The image side of the substrates listed in TABLE I was corona discharge treated and coated with various topcoats from aqueous coating compositions and dried to form the image receiving elements of the invention. The main ingredients used in various aqueous topcoats are as follows:
Preparation of Latex A:
In a 5-liter, three-necked round bottom flask equipped with a stirrer, water condenser, and nitrogen inlet were placed 116.34 g (0.058 moles) of Terathane polyether polyol (average Mn=2000) (Aldrich Chemicals) followed by 119.38 g (0.89 moles) of 2,2-bis(hydroxymethyl)-propionic acid (DMPA), 52.0 g (0.052 moles) of Silaplane/Mono-terminal Chisso Siloxane FM-DA11, (average Mw=1000), 600 g of tetrahydrofuran (THF), and 1.25 g of dibutyltin dilaurate (catalyst). The temperature was adjusted to 65° C. When a homogenous solution was obtained, 211.16 g (0.95 moles) of isophrone diisocyanate (IPDI) were slowly added followed by 10 g of THF. The temperature was raised to 75° C. and maintained for 24 hours to complete the reaction, resulting in an intermediate containing no residual free isocyanate. The free isocyanate content was monitored by the disappearance of the NCO absorption peak by infrared spectroscopy.

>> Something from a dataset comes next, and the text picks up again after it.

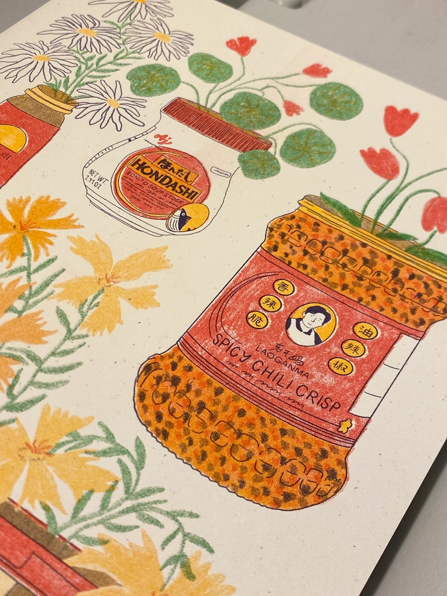 A risograph print from Philly artist and pal Maddy Conover, featuring pantry essentials.

The reaction mixture was diluted with THF and neutralized with triethylamine to 100% stoichiometric neutralization of the carboxylic acid, followed by the addition of 1500 g of distilled water under high shear to form a stable aqueous dispersion. THF was removed by heating under vacuum, and the resultant aqueous dispersion was filtered. The polyurethane obtained had an Mw of about 23,900 and acid number of about 100.
Details of the Invention Examples are provided in TABLE III.
The Comparative and Invention Examples were evaluated for printability in a Kodak® Photo Printer 6850 using a Kodak Professional EKTATHERM ribbon, catalogue number 106-7347 coated with cyan, magenta, and yellow dyes in cellulose acetate propionate binder and a poly(vinyl acetal)-based protective overcoat. The results are provided below in TABLE IV.
It is clear from the data in TABLE IV that none of the Comparative Examples without an aqueous topcoat could be printed because of sticking caused by the donor being stuck to the receiving element so that the donor could not be separated from the image receiving element. On the other hand, the Invention image receiving elements, having an aqueous topcoat, were printed without sticking, demonstrating the advantages of the invention. Microscopy of some of the printed (Dmax) samples from the present invention revealed that the dye penetrated about 2 μm from the topcoat (˜0.8 μm thick) surface into the extruded image receiving layer. This demonstrates that the extruded image receiving layer was capable of receiving an image but was not directly printable without the presence of the aqueous-coated topcoat.
The Dmax optical density (read by a densitometer) for the red, green, and blue records for some of the Invention Examples were measured and are listed below in TABLE V.
It is clear from the data in TABLE V that the image receiving elements of this invention, having the aqueous topcoat, provided prints with desirably high optical density.
The invention has been described in detail with particular reference to certain preferred embodiments thereof, but it will be understood that variations and modifications can be effected within the spirit and scope of the invention.